Funding that’s available now

“Since 2018, on an annual basis, the Title IV-A program has received a little over $1 billion per year,” said Ally Talcott, Executive Director of the Title IV-A Coalition, an advocacy group that focuses on federal funding for ESSA’s Student Support and Academic Enrichment grant program. 

Talcott emphasized that the current Title IV-A budget of $1.22 billion—in combination with several relief funds that Congress has approved to respond to the impact of COVID—provides many opportunities for schools to pay for SEL initiatives. The budget for Title IV-A is expected to climb again in fiscal year 2022, to around $1.3 billion. 

While districts appreciate bursts of funding like the Elementary and Secondary School Emergency Relief Fund, ongoing investments are more effective in helping districts implement and maintain SEL programs. “Having the knowledge of what’s coming is so critical to us in terms of planning,” said Superintendent Dan Bridges of the Naperville Community United School District 203 in Illinois. 

Prior to COVID, Naperville 203 was working on implementation of a K-12 social-emotional learning curriculum focused on positive community and climate. Since then, Bridges said, the district has recognized an even greater need for health and wellness for its students—and for the larger community of adults surrounding them.

Naperville 203 is a high-achieving district with adequate local resources to dedicate to SEL—but, Bridges explained, even though federal funds make up only 4% of its budget, those are key funds for providing staff who specialize in SEL-related work. “Once some of this ESSR funding goes away, we’re really going to have to analyze how we will maintain the positions we’ve added,” he said.

Money isn’t everything when it comes to SEL

“AllHere supports over 8,000 schools on a national basis, and we’re hearing that the resource base to hire staff to support the mounting SEL needs is a challenge,” said Smith. 

“Even for the most expert counselors, social workers, and school psychologists, their capacity is crushed because of the magnitude of kids who needed help pre-COVID and who need help now,” she continued. “Technology is not a replacement for strong support infrastructure for kids and parents, but it is a way to augment it. It can save time for the most complex and meaningful interactions.”

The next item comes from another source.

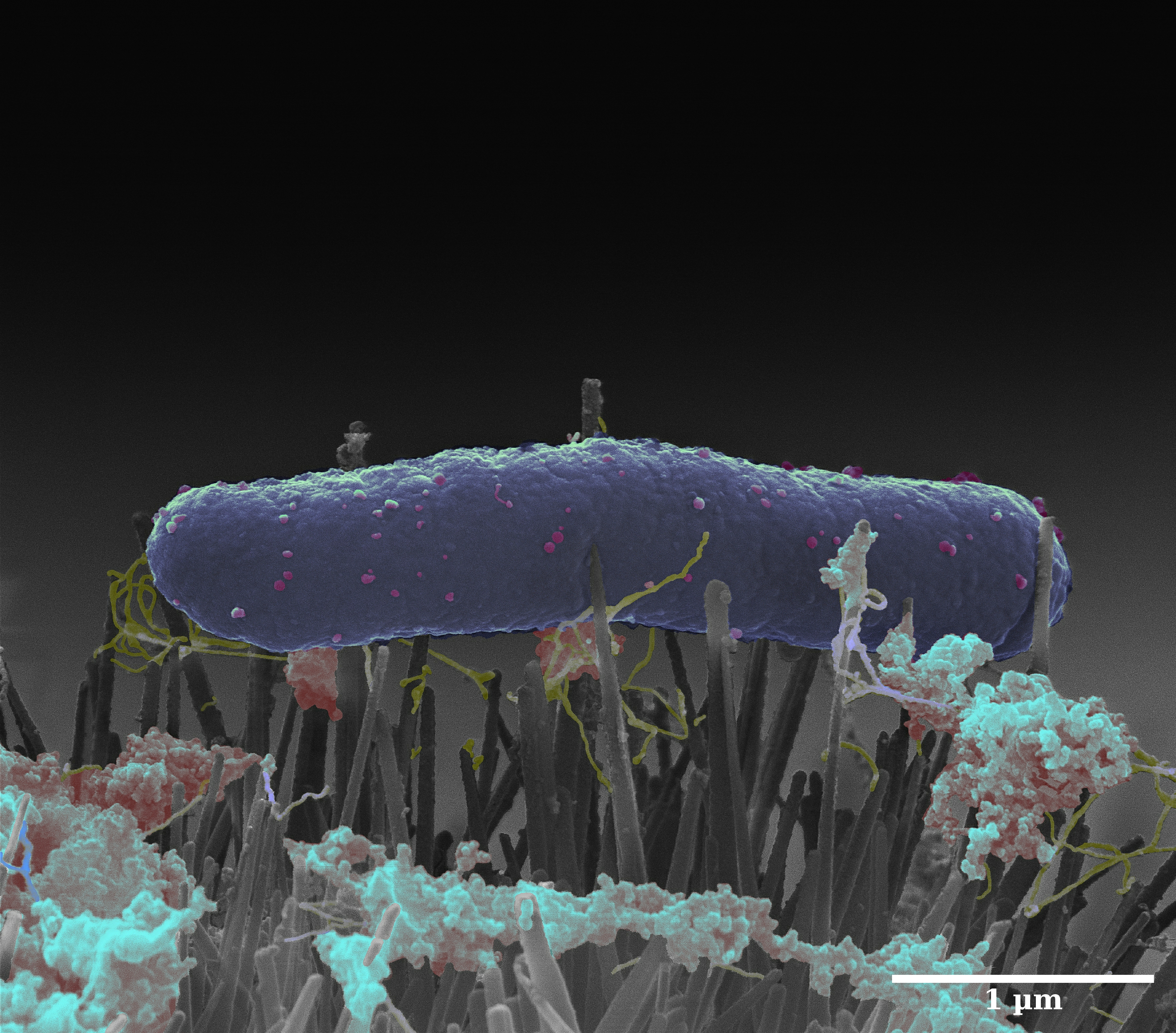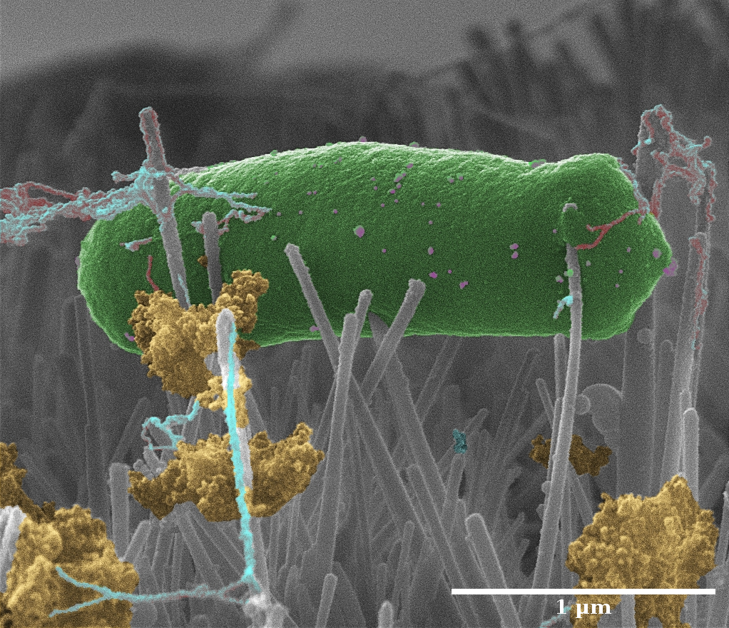 Studies over the past decade have proposed that nanopillars stretch the bacterial cell envelope upon contact, causing a loss of structural integrity that leads to bacterial lysis and death. However, although dragonfly mimetic surfaces have been shown to possess antibacterial activity, a consensus has yet to be reached on the precise mechanisms that cause bacterial killing. To address this knowledge gap, our group seeks to better understand the mechanisms of nanopillar-mediated cell death so as to facilitate the translation of this technology into clinical applications. For this, a multidisciplinary research team of biomaterials scientists, microbiologists, biochemists and image specialists has been assembled.

AllHere’s mobile messaging solution supports families 24/7—both reactively and proactively. “This strong two-way communication between schools and families helps attend to students’ well-being,” Smith said. By streamlining routine communications, the chatbot frees school staff to focus on the highest-impact engagement and education activities. 

Next steps for district and school leaders

Talcott encouraged administrators to reach out to their Congressional delegation and explain how Title IV-A funds benefit their teachers and students. Title IV-A funding tends to have broad bipartisan support in both the House and Senate, and lawmakers appreciate hearing about the wide range of implementations and outcomes at schools in their Congressional districts. 

“A lot of our leaders don’t understand what it takes to plan these programs and implement them usefully,” Talcott said. “Your positive story about how valuable these dollars are makes a difference.”

At the district level, Smith reminded administrators that when they invest in support for SEL, whatever they add needs to relieve staff’s workload rather than adding to it—while still getting the right support to the right student at the right time. 

“A chatbot is able to take some of the pressure off staff and give families and outlet to ask questions and receive help in a method that works for them 24/7,” Smith said. “There are many texting platforms out there, but a platform like AllHere offers personalized, evidence-based help and support to address any school-related challenge.”